Both municipalities and community associations both strive to serve residents in a reasonable way. However, there are fundamental differences in their respective goals. Many experts believe that government regulations will little by little undermine association authority. The 90s has seen a growing number of court cases challenging the association’s authority to control its members. These cases include the prohibition of pamphlet distribution, political signage, flag displays, "for sale" signs, as well as failure to provide an violation appeal process.

To meet the future today, the Board must keep informed about new legislation and be pre-pared to challenge un-reasonable government restrictions that impact the community’s right to a higher standard [civil rights considerations excluded]. The U.S. Constitution has survived because of its principles are proven yet adaptable to a changing culture. Association covenants should be shaped in the same way.

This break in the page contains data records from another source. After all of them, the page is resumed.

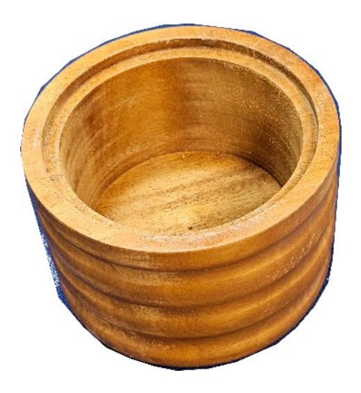
Copyright (c) North Warwickshire & Hinckley Woodturning Club 2024

hollower were very effective in removing material quickly and cleanly. Using a Parting Tool, Chris then cut a recess on the inside edge of the rim on which the lid would sit. He sanded as before, removed any sanding residue with alcohol, sealed and applied two coats of lacquer.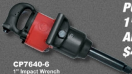
CP7640-6 1" Impact Wrench

PURCHASE A CP7640-6 1" IMPACT WRENCH AND RECEIVE A FREE $40 GIFT CARD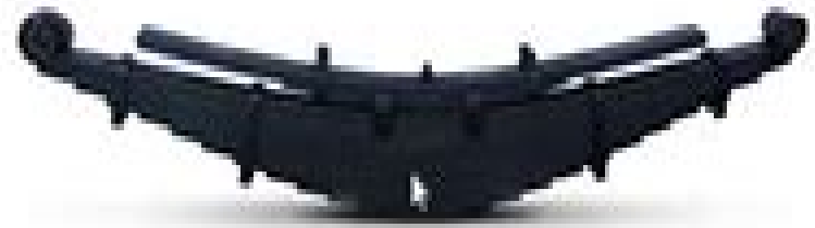
Laminated or Leaf Spring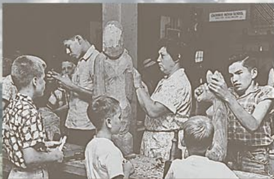
One of RTCAR's goals is to encourage projects that enable master artisans to teach Cherokee youths about their cultural heritage through learning experiences much like the one that took place in this carving class approximately 50 years ago.

Cherokee potters used to make their products from local clays, but today, they must often buy it from dealers in other states. Relocating traditional clay pits and identifying new local sources reinforces the relationship between the potter and the medium, infusing the final product with a sense of place.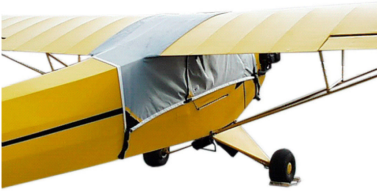
Piper J3 Over-Top Canopy Cover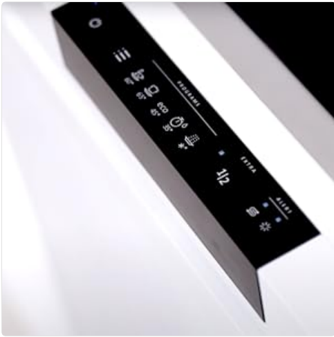
Figure 3.2: Close-up of the hidden control panel with LED display for intuitive program selection.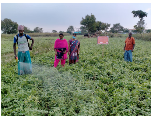
Picture 1. Demonstration of integrated crop management practices in horse gram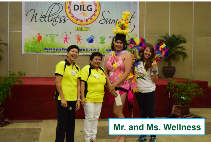
Mr. and Ms. Wellness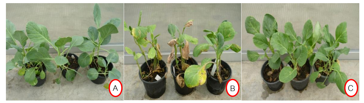
Fig. 3. In vivo antifungal activities of plant extract against A. brassicicola . Chinese kale were inoculated with spore suspensions of the test organism 1 day after spraying with the various plant extracts at concentration of 50,000 ppm for 40 days after planting (A) untreated plant (healthy); (B) treated with distilled water and (C) treated with H. anthelminthicus extract.

Fig. 2. In vivo antifungal activities of plant extract against A. brassicicola . Chinese kale were inoculated with spore suspensions of the test organism 1 day after spraying with the various plant extracts at concentration of 50,000 ppm for 30 days after planting (A) treated with H. anthelminthicus extract; (B) treated with X. lanceatum extract; (C) treated with C. magna extract; (D) treated with C. brachiata extract; (E) untreated plant (healthy) and (F) treated with distilled water.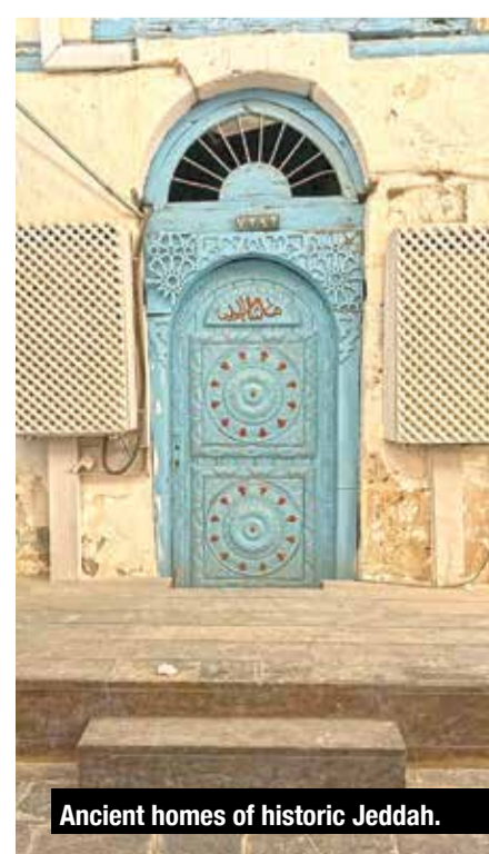
Ancient homes of historic Jeddah.

Historic Jeddah, known as Al-Balad, was built on a beautiful coastal land, where ancient homes were transformed using the latest technologies and expertise into art galleries, gathering people from different cultures. Al-Balad's authentic architectural style with 'Al-Rawashin balcony' hanging overhead on every building, was listed on UN Educational, Scientific and Cultural Organization (UNESCO) World Heritage site in 2014. Al-Balad unveils a human heritage with eight gates, each is known for its historical stories, in addition to various ancient houses praised for their distinctive designs and the names of their families. —KUNA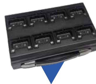
8 Bay Docking Station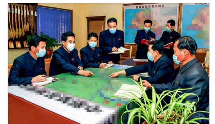
Officials of the South Hwanghae Provincial Rural Economy Committee get together to discuss how to increase grain production.

is that it organizes work scrupulously to bring about practical innovations with science and technology as the main motive power for agricultural development.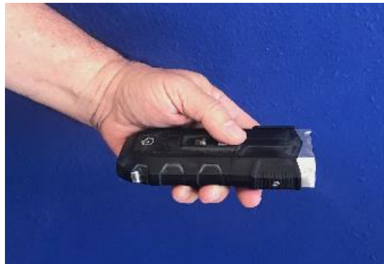
Illustration of Hand-Held Size of BolaWrap 100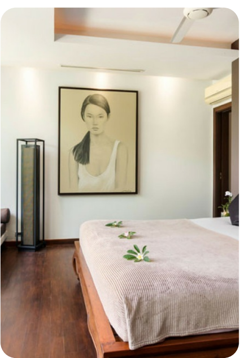
Lipa Noi 8032 | Page 8 of 8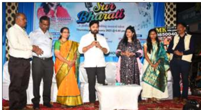
Surbharati- Annual Musical Event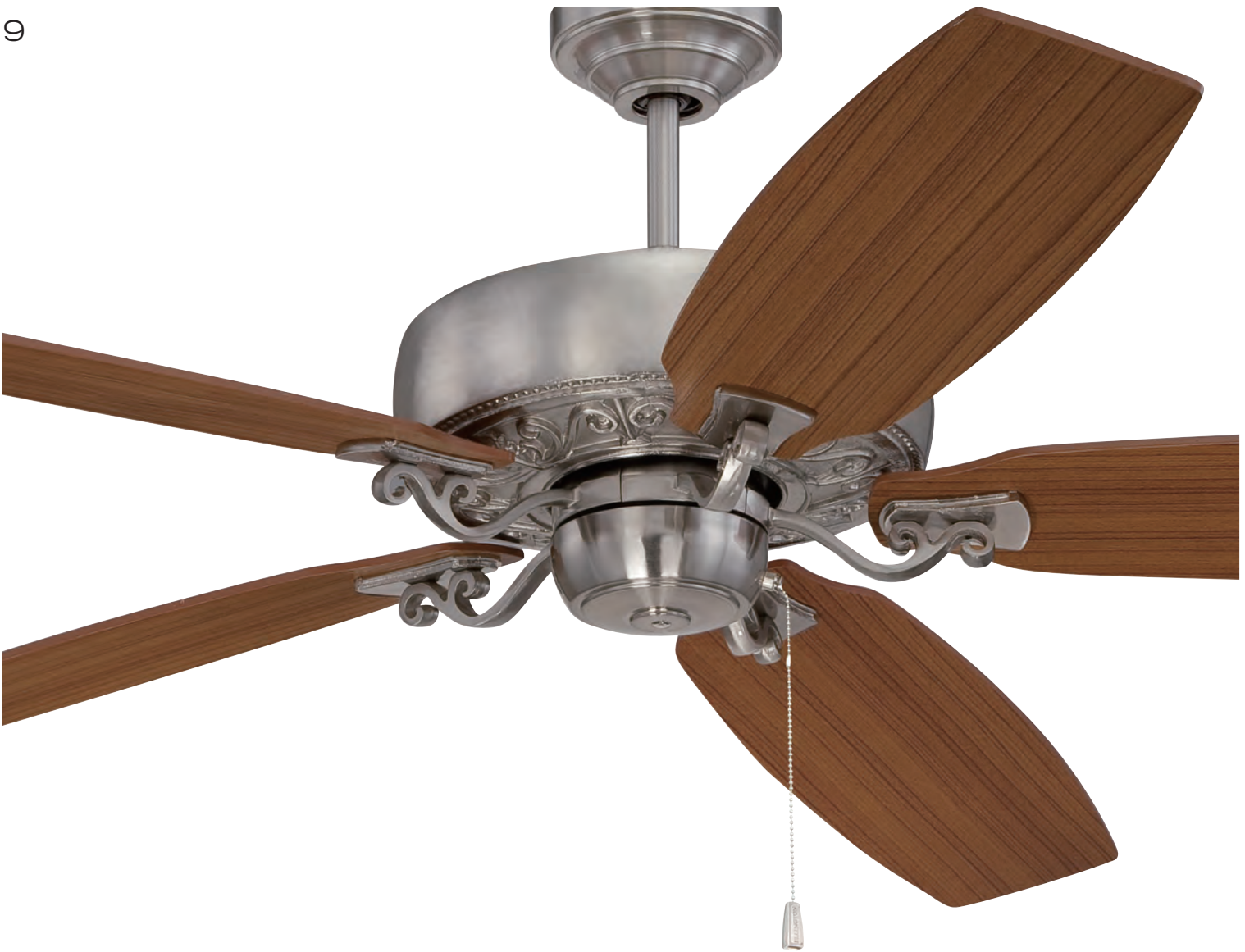
Brushed Polished Nickel 64" Patterson Blades Light Kit Model . . . PAT64BNK5 Walnut/Maple Optional

Community associations will play a bigger role as a form of home ownership since higher density housing is clearly in the future. The Board needs to stay informed of trends and changes to properly steer the community.   BACK


Harmony Paradigm
We recently read about a new improved community "paradigm" [90's word for "cutting edge model"] A new paradigm is fine, as long as the people that live within it are friendly, interested in each other and mutually supportive, like the "old" paradigm.

The trend, however, seems to be toward more isolationism. Take the Internet for example. While it’s a great way to get information and exchange ideas, most people don't use it much to communicate with neighbors. The Internet, Email and other such communications convey information and emotions on a detached level. Emotions are the key to true understanding. A written word can have many meanings that "the look" or tone of voice reduces to a single meaning. In written form, rarely do communicants build a deep, meaningful relationships.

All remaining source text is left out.